Gaza’s Hamas govt facing financial "crisis"
Taxing street vendors and shopkeepers
Hamas has begun taxing Gaza street vendors and shopkeepers, raising speculation the ruling Islamist group is in a financial crisis fuelled partly by Egypt's building of a border wall to stop smuggling tunnels.
Experts said on Monday that perhaps only a few dozen of the hundreds of tunnels are still functional as a result of the steel wall being pounded deep into the ground along the 14-km (8-mile)-long frontier.
For Gaza's Hamas government, which takes a cut from Palestinian merchants who move items ranging from cars to fuel to food along the subterranean route, that means lower revenues in an impoverished enclave under an Israeli-led blockade.
Weapons, and it is widely believed cash, also come in via the tunnels.
"There is a real financial crisis," Palestinian economist Omar Shaban said.
The Hamas administration, he said, employed 34,000 people in the Gaza Strip and had put much of its liquidity into the purchase of buildings and land.
"The crisis may also indicate either a lack of foreign financial support, Arab and Islamic, or a difficulty to get that support into the territory for some reasons," Shaban said.
For the first time since Hamas seized the Gaza Strip from the rival Fatah movement of Western-backed President Mahmoud Abbas in 2007, it has begun to collect taxes from street merchants and small business owners.
"They asked me to pay 1,100 shekels ($290) a month. How much did I earn to give them what they asked for?" asked the owner of a shop selling falafel (fried chickpea) snacks.
"Instead, I asked them to take the store and pay me the 1,100 shekels every month. It would be a better deal for me," he joked.
Taher al-Nono, a Hamas government spokesman, denied it was going through any financial problems.
"We have not imposed any new tax that did not exist in the past and we are charging tax only to those who are doing great business," Nono said.
One lucrative levy is a $6,000 license fee that Hamas charges a car buyer to bring a new vehicle into the Gaza Strip through a tunnel. The buyer also pays the tunnel owner $5,000.
The crisis may also indicate either a lack of foreign financial support, Arab and Islamic, or a difficulty to get that support into the territory for some reasons
Palestinian economist Omar Shaban
Sealing the border
A Hamas lawmaker confirmed that the Islamist group ruling Gaza was facing a financial "crisis" because of Egypt's moves to seal its border and a boycott by local banks.

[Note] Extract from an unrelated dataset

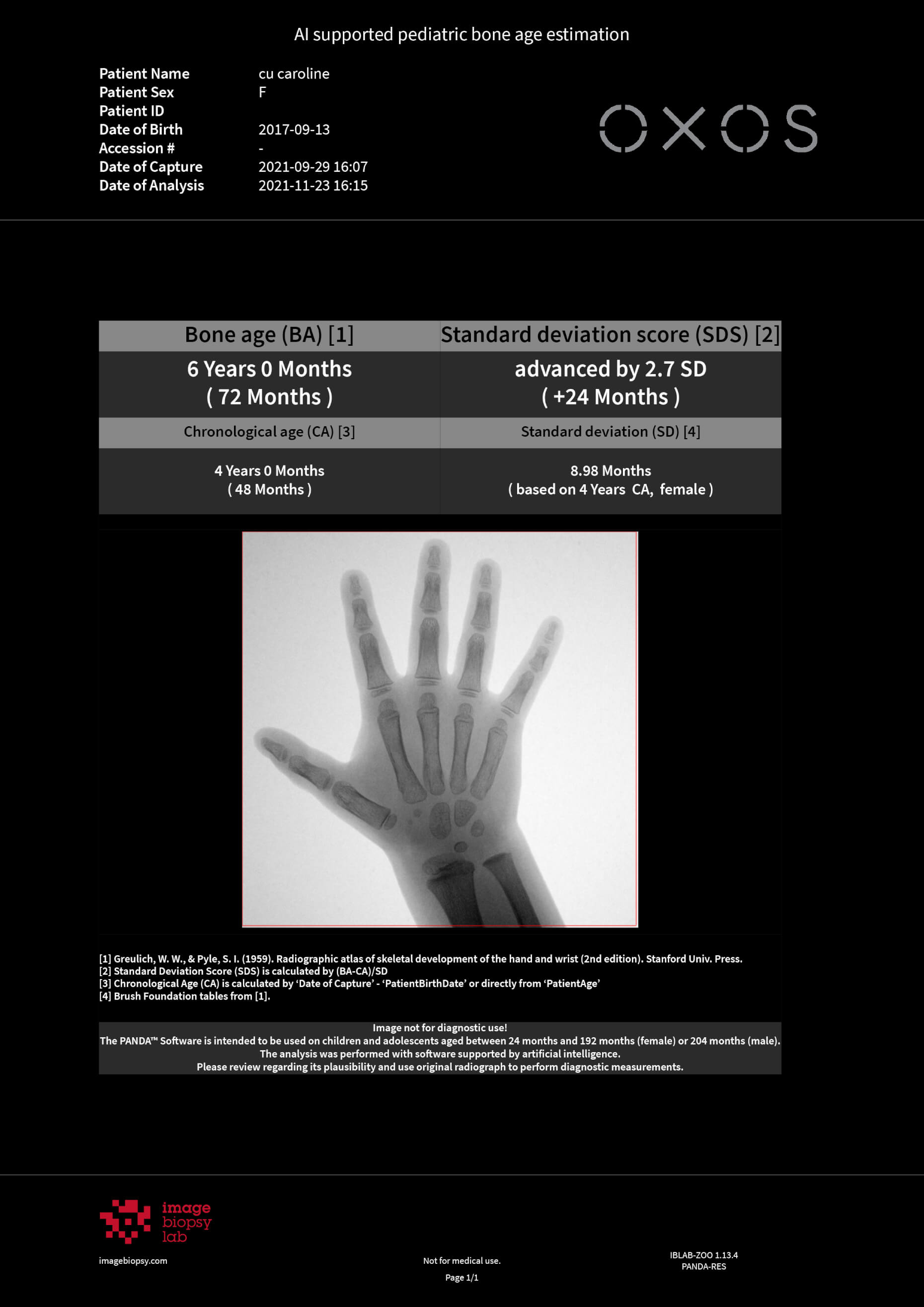 IB Lab PANDA uses deep learning technology to report bone age based on the Greulich & Pyle scale and provides automated results within 5 seconds. IB Lab PANDA’s automated bone age estimates are accurate within 5.4 months.

"The government is facing a crisis," MP Jamal Nassar said in a statement. "The siege on the (Hamas-run) Palestinian government has been tightened recently and because of this it has been unable to bring in funds from abroad."
Israel and Egypt have sealed Gaza off to all but very limited humanitarian aid since Hamas seized power in June 2007 after routing forces loyal to Western-backed Palestinian president Mahmoud Abbas.
But the closures have never appeared to have much of an impact on the Hamas-run government, which pays regular salaries to more than 20,000 civil servants and as recently as February recruited hundreds of new security personnel.
Iran and Qatar have been major financial supporters of Hamas and it is widely believed that much of the cash they provide comes through the tunnel network now in jeopardy.
Three months ago, the Hamas government presented an annual budget of $540 million, of which only $50 million was listed as local revenue, with the rest of the funds slated to come from undisclosed foreign donations.
"So the crisis was expected but I do not think there was a genuine thinking about immediate solutions," Shaban said.